A new set of galactic formation simulations has suggested that our Milky Way could actually contain only 1/4 to a 1/3 of the previously accepted quantity of Dark Matter.
When scientists observe other spiral galaxies in the Universe one property which is commonly investigated is how the rotational velocity of the stars is related to the radius from the galactic core. The original theoretical prediction was that the rotational velocities would increase rapidly in the centre (v proportional to r), by treating the core as a solid body and then on the outer regions could be treated as having Keplerian orbits (similar to those of the planets around the sun) (v proportional to r^-2).
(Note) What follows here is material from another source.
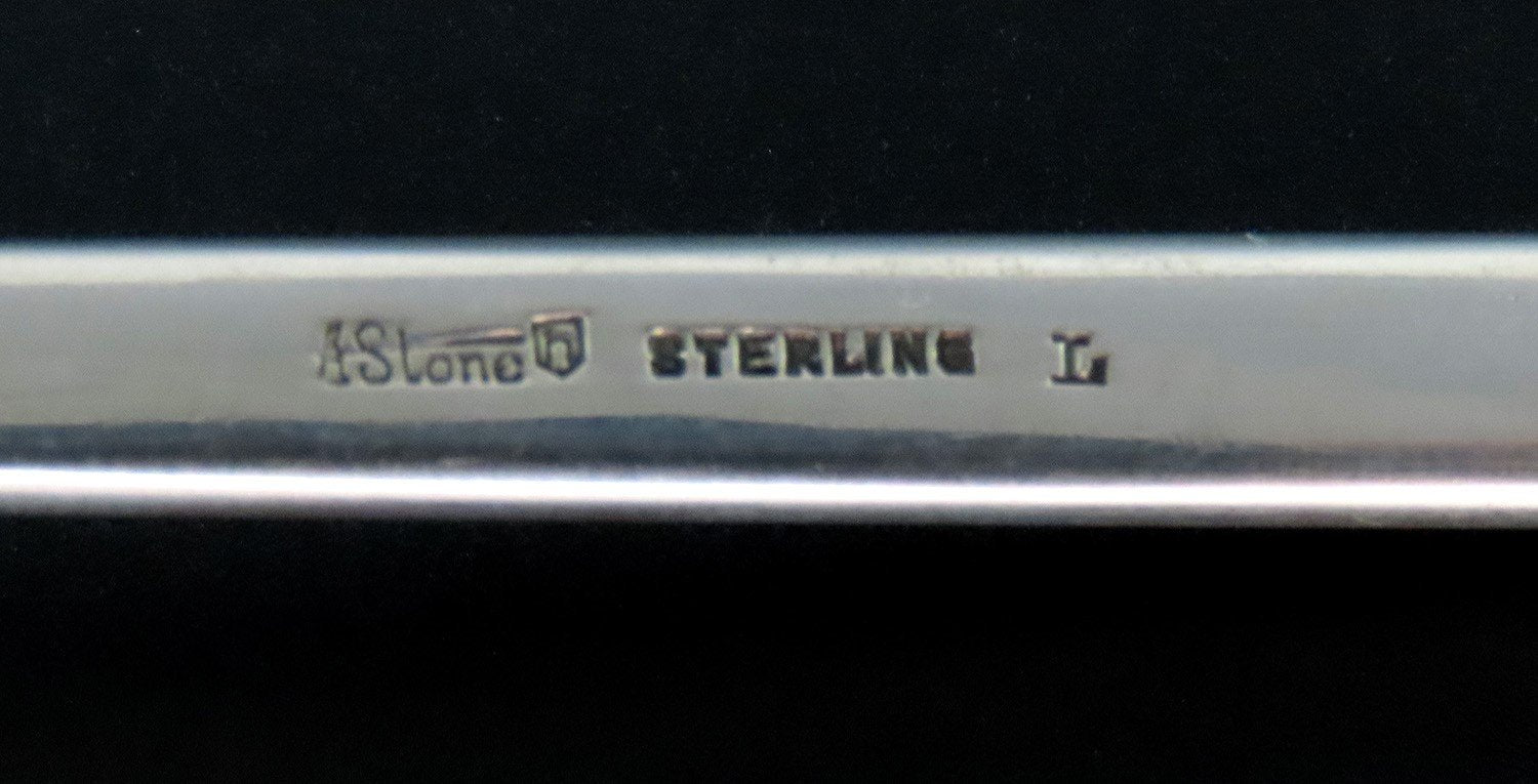 The reverse is marked sterling along with the maker's mark for Stone Associates ( made in 1937 or later) and the mark of the Craftsman, Sylvanus E. Lamphrey.

However when astronomers pointed there telescopes toward galaxies and analysed the rotation curve they found one reoccurring difference between theory and observation. This difference is that at an increasing distance from the centre the rotational velocity does not fall off and instead generally remain flat. This describes a system in which (at a certain distance from the core) the orbital velocities of the stars remains constant independent of radius.
In order for this new information to be incorporated into the galactic model it was decided that there must exist a halo of some unseen matter which is driving the extra acceleration required further from the centre. Due to this and measurements of weak gravitational lensing in certain galaxy clusters it was decided that this unseen ‘Dark’ matter must make up around 80% of the matter in the universe.
A recent survey conducted at the University of California has provided two simulations of galaxy formation first with a dark halo mass of 2 trillion suns and the other 800 billion suns. It was found that the lower quantity of dark matter actually provided a better fit for the current morphology and mass of our galaxy. Does this point towards our galaxy being irregular in comparison to the average spiral galaxy? or could it perhaps point towards the current theory of dark matter being incomplete?